| EXERCISE INSTRUCTIONS |
No image is to be carried over; reproduce the rest of the listing word for word.

| SUPPLIED DATA |
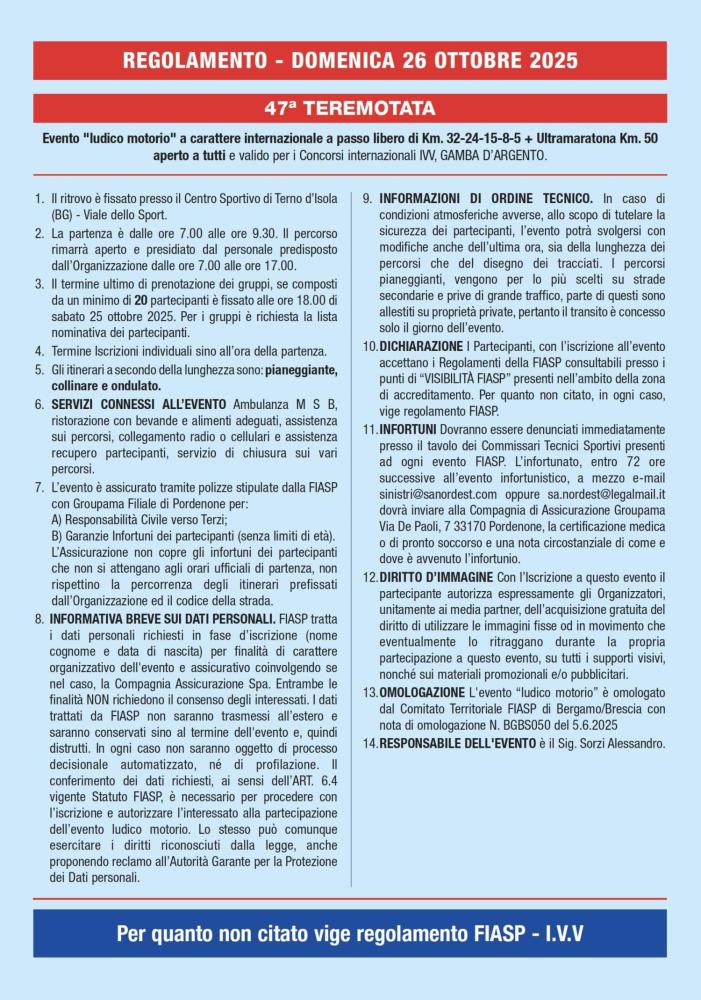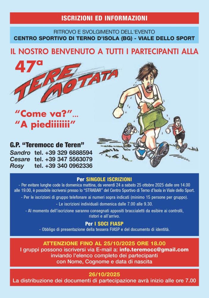 Il conto alla rovescia è iniziato: domenica 26 ottobre Terno d’Isola ospita la 47ª edizione della Teremotata, l’evento podistico che da quasi mezzo secolo anima le colline del Monte Canto con entusiasmo, sport e spirito di comunità.
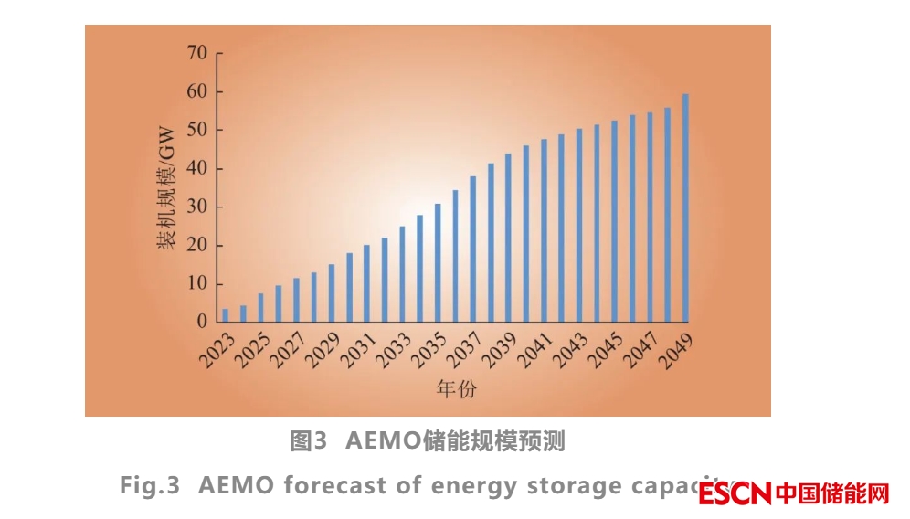 2021年12月,澳大利亞能源市場運(yùn)營機(jī)構(gòu)(AEMO)發(fā)布2022年綜合能源計(jì)劃(ISP2022),計(jì)劃到2049年儲(chǔ)能規(guī)模接近60 GW,預(yù)測規(guī)模如圖3所示[24]。其中,戶用型儲(chǔ)能(含光儲(chǔ))占比70%,大型電池儲(chǔ)能占比20%,抽蓄等其他儲(chǔ)能占比10%。
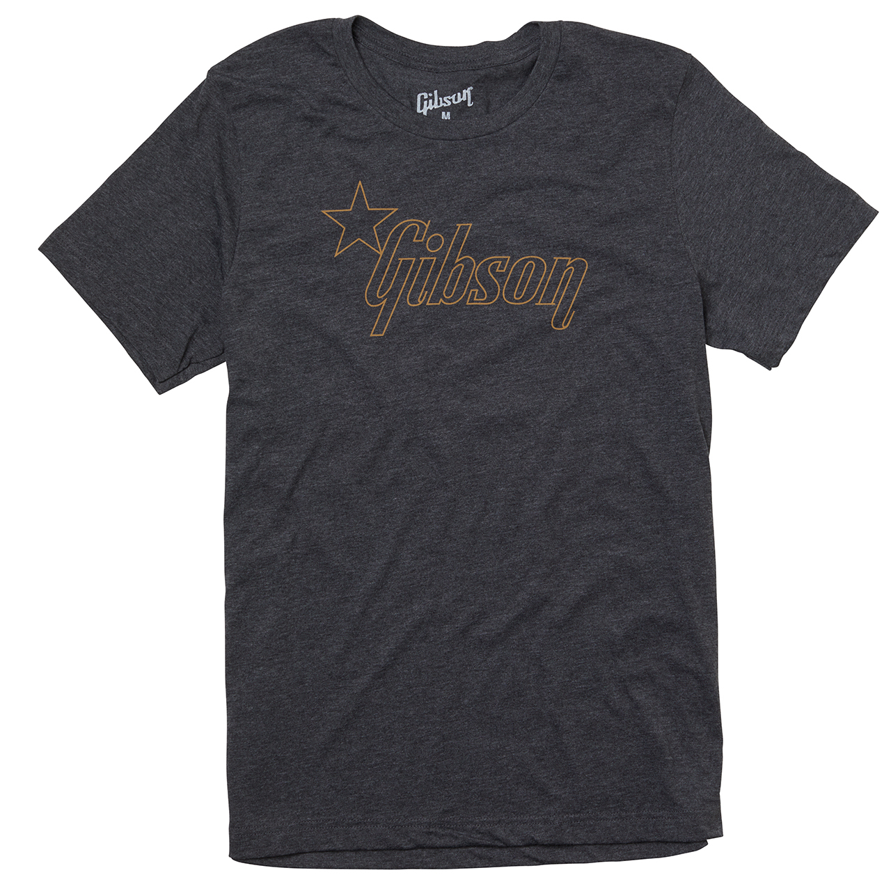 Charcoal grey tee featuring the iconic Gibson Star logo used on nearly all Gibson products from the early 1950s-1960s including string boxes, guitar cases, and dealer signs.
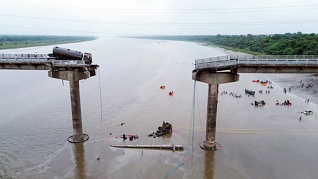குஜராத்தின் வதோதரா மாவட்டத்தில் மஹிசாகர் ஆற்றின் மீது அமைந்துள்ள கம்பீரா பாலம் நேற்று (ஜூலை 9) காலை இடிந்து விழுந்ததில் இதுவரை 15 பேர் உயிரிழந்துள்ளதாக செய்தி வெளியாகியுள்ளது.
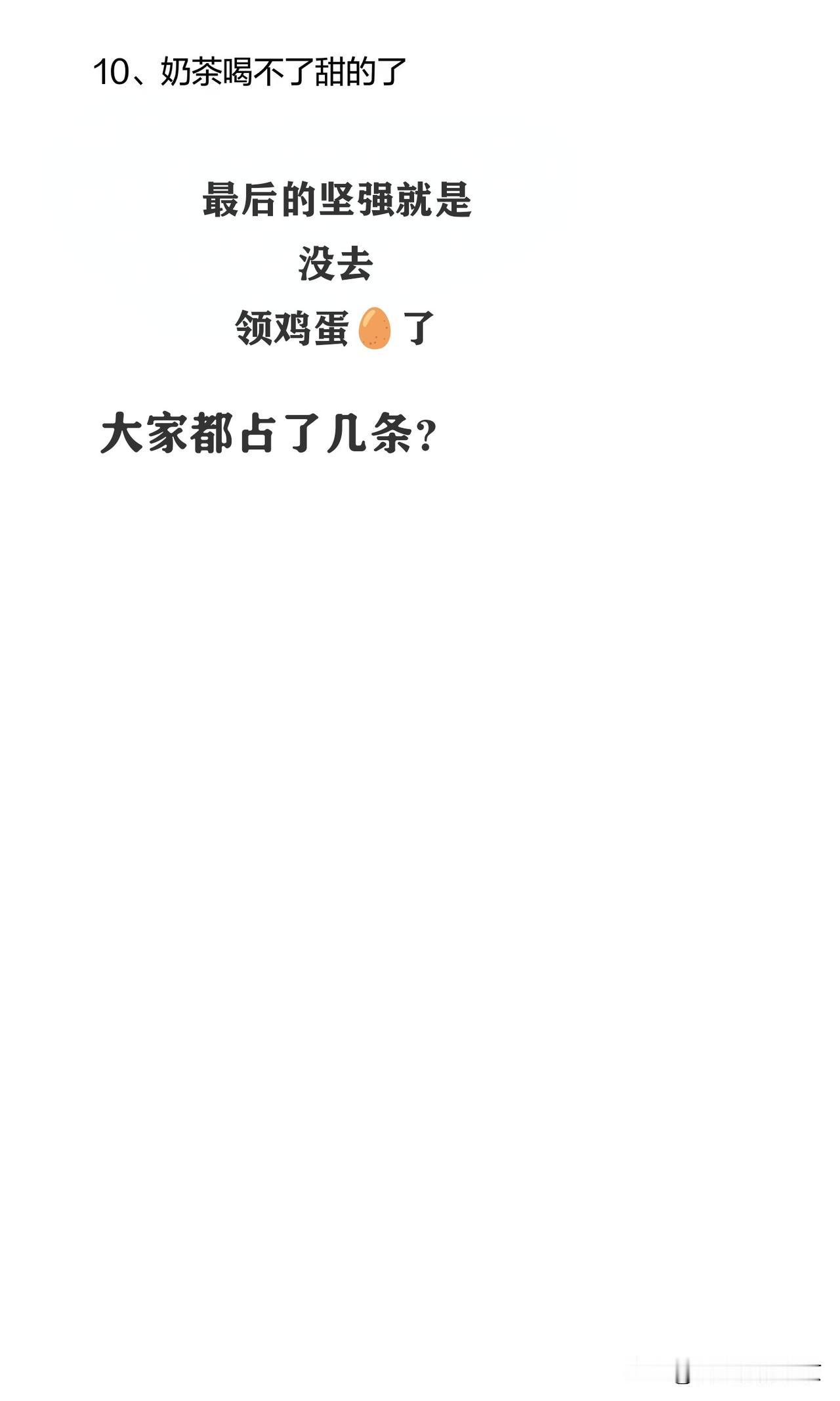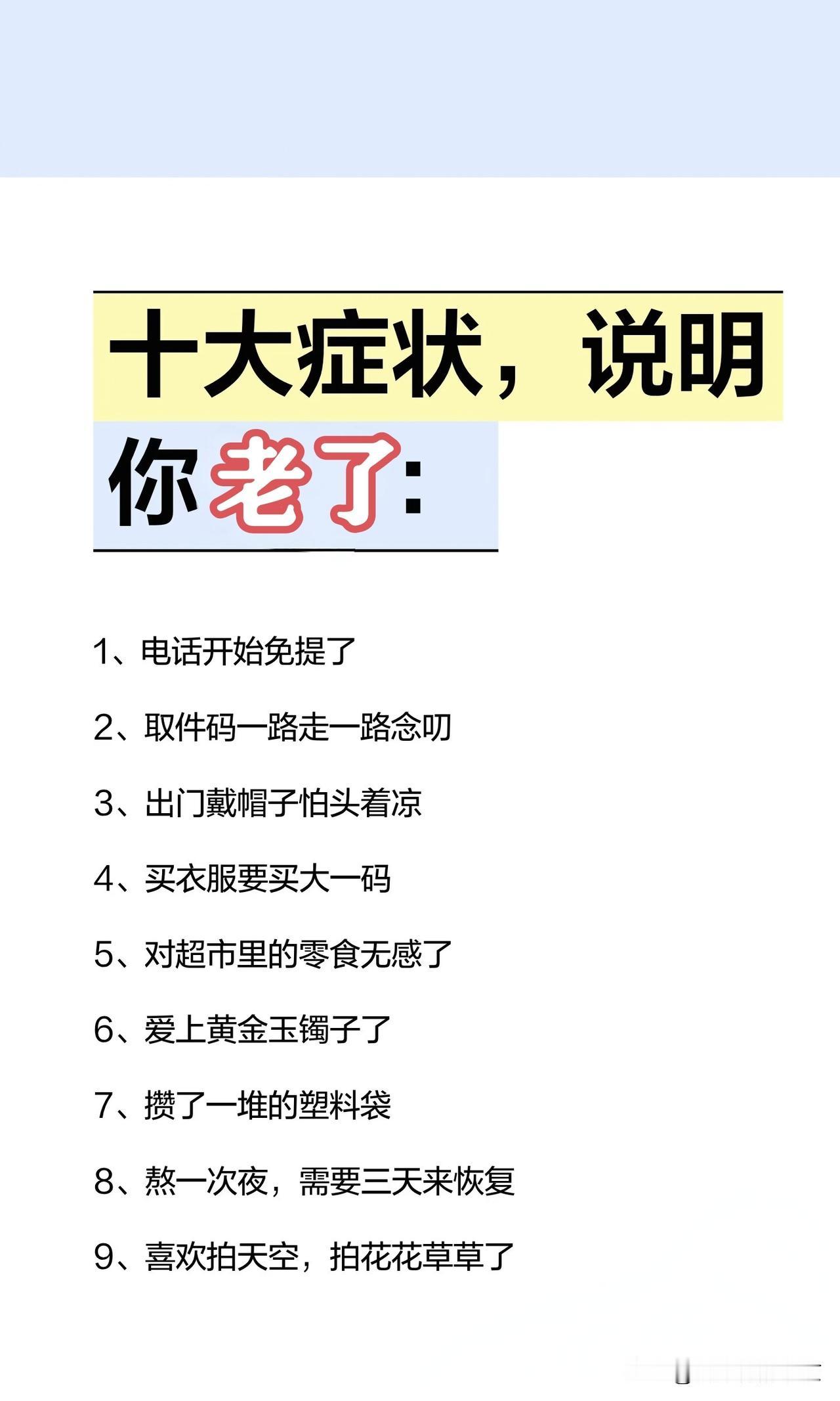 十大症状,说明你老了 不知道从什么时候开始: 接打电话爱直接开免提了, 取个快递都得念好几次取件码, 不论去哪儿都喜欢戴帽子戴口罩,喜欢宽松的衣裤, 去超市时对以往那些琳琅满目垂涎三尺的零食也无感了, 开始喜欢真金白银了, 喜欢拍花草树木和天空了, 不喝太甜的奶茶了 而 最后的坚强就是没有去跟风“领鸡蛋”了[捂脸] 大家占了几条?

| OUTPUT OF THE TASK |
 Il conto alla rovescia è iniziato: domenica 26 ottobre Terno d’Isola ospita la 47ª edizione della Teremotata, l’evento podistico che da quasi mezzo secolo anima le colline del Monte Canto con entusiasmo, sport e spirito di comunità.
 2021年12月,澳大利亞能源市場運(yùn)營機(jī)構(gòu)(AEMO)發(fā)布2022年綜合能源計(jì)劃(ISP2022),計(jì)劃到2049年儲(chǔ)能規(guī)模接近60 GW,預(yù)測規(guī)模如圖3所示[24]。其中,戶用型儲(chǔ)能(含光儲(chǔ))占比70%,大型電池儲(chǔ)能占比20%,抽蓄等其他儲(chǔ)能占比10%。
 Charcoal grey tee featuring the iconic Gibson Star logo used on nearly all Gibson products from the early 1950s-1960s including string boxes, guitar cases, and dealer signs.
குஜராத்தின் வதோதரா மாவட்டத்தில் மஹிசாகர் ஆற்றின் மீது அமைந்துள்ள கம்பீரா பாலம் நேற்று (ஜூலை 9) காலை இடிந்து விழுந்ததில் இதுவரை 15 பேர் உயிரிழந்துள்ளதாக செய்தி வெளியாகியுள்ளது.
 十大症状,说明你老了 不知道从什么时候开始: 接打电话爱直接开免提了, 取个快递都得念好几次取件码, 不论去哪儿都喜欢戴帽子戴口罩,喜欢宽松的衣裤, 去超市时对以往那些琳琅满目垂涎三尺的零食也无感了, 开始喜欢真金白银了, 喜欢拍花草树木和天空了, 不喝太甜的奶茶了 而 最后的坚强就是没有去跟风“领鸡蛋”了[捂脸] 大家占了几条?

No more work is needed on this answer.